In his new book, “Juiced: Wild Times, Rampant ‘Roids, Smash Hits, And How Baseball Got Big,” Jose Canseco describes his time in baseball and how he used steroids regularly. The former outfielder proclaimed himself the “Godfather of Steroids” and goes into detail on how the illegal substances made him into the star.

Oh yeah, he also named names.

By implicating Mark McGwire, Jason Giambi, Ivan Rodriguez, Juan Gonzalez and Rafael Palmiero, Canseco has broken the first unwritten rule of baseball. “Whatever is done in the clubhouse stays in the clubhouse.”

Whether you believe him or not, Canseco’s actions in this book are disgraceful.

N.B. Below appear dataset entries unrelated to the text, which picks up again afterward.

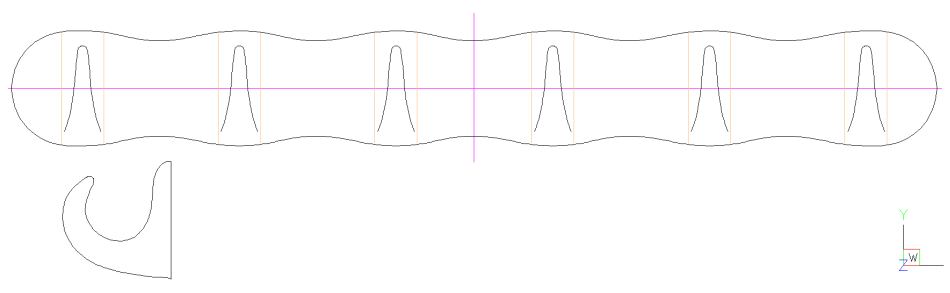 Here the six hooks have been cut out. I made them with a full "C" shape so the hooks themselves were single pieces for the best strength.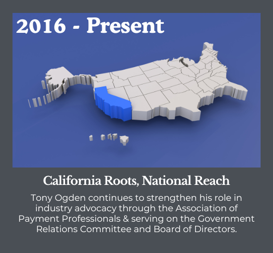 Since returning to California, Tony Ogden has deepened his commitment to industry advocacy through the Assoc. of Payment Professionals (formerly MAC). As a longtime member of the Government Relations Committee and a current Voting Member of the Board of Directors, he continues to champion regulatory engagement, organizational growth, and merchant-focused education alongside distinguished financial services leaders.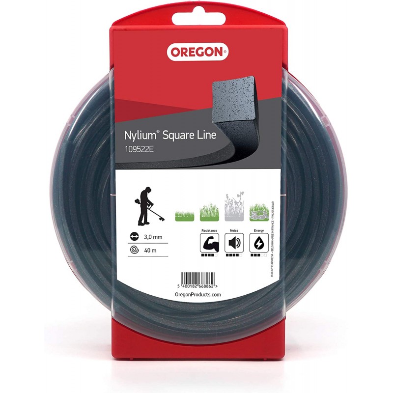 Žacia struna Oregon Nylium je určená na profesionálne a domáce kosenie záhrad, parkov a pozemkov s nízkou trávou a vysokou trávou s hustými steblami. Struna obsahuje hliníkové častice, vďaka čomu je odolná proti zlomeniu v priechodke a zabraňuje taveniu struny (spekaniu). Struna kosí pomerne agresívne s hladkým rezom, ale nie je veľmi vhodná pre "mladé" trávniky so slabými koreňmi.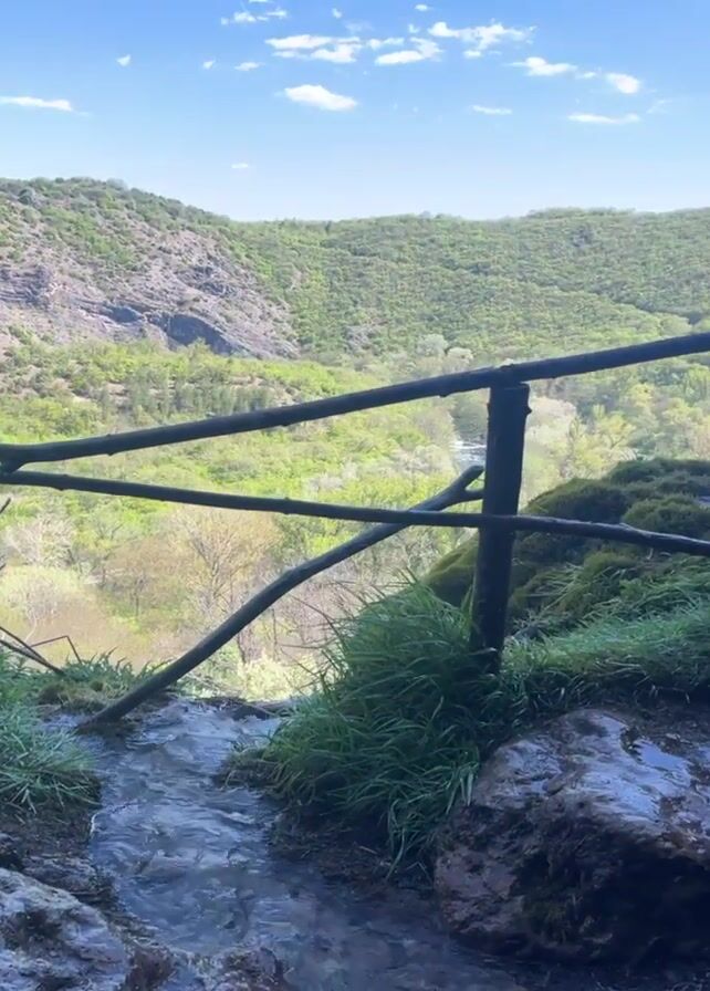 waterfall cascading from a mossy cliff face, viewed from an elevated vantage point. The camera initially focuses on a small stream trickling over rocks towards the edge, framed by a rustic wooden railing and green vegetation. It then pans up to reveal the full height of the waterfall against a bright blue sky with scattered clouds. The water falls in multiple streams, creating a misty spray as it descends. The backdrop includes a lush green valley.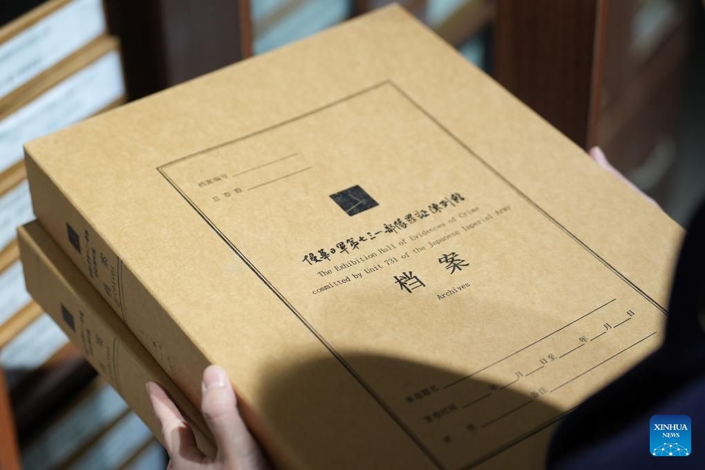 Archives are pictured at the former site of Unit 731 in Harbin, northeast China's Heilongjiang Province, Dec. 12, 2024. The former site of the notorious Japanese germ warfare army, known as Unit 731, reopened to public on Friday with a special exhibition on cultural relics and historical materials of Japan's germ-warfare crimes in China.

He has thrown his former teammates under the bus and has shadowed doubt on their legacies.

That alone makes him the proverbial rat.

And he is not doing it for self-preservation, Canseco wrote the book for the money. That makes him the worst kind of rat of them all.

Canseco couldn’t just admit he took steroids. No one would bother buying the book, since he already admitted it. So the former MVP needed to come up with some more and naming his teammates was the only thing he could do.

The slugger finished his career with 462 home runs. If the slugger had 38 more homers, this book probably would not have been written or at least the author would have waited until he would have become the first person to have 500 homers and not make the Hall of Fame.

To make matters worse, there have been some inconsistencies. When interviewed on 60 Minutes, Mike Wallace pointed out that Canseco claimed he injected McGwire “often” when they were teammates on the Oakland A’s. But the former outfielder refuted Wallace saying he only did it “once or twice.”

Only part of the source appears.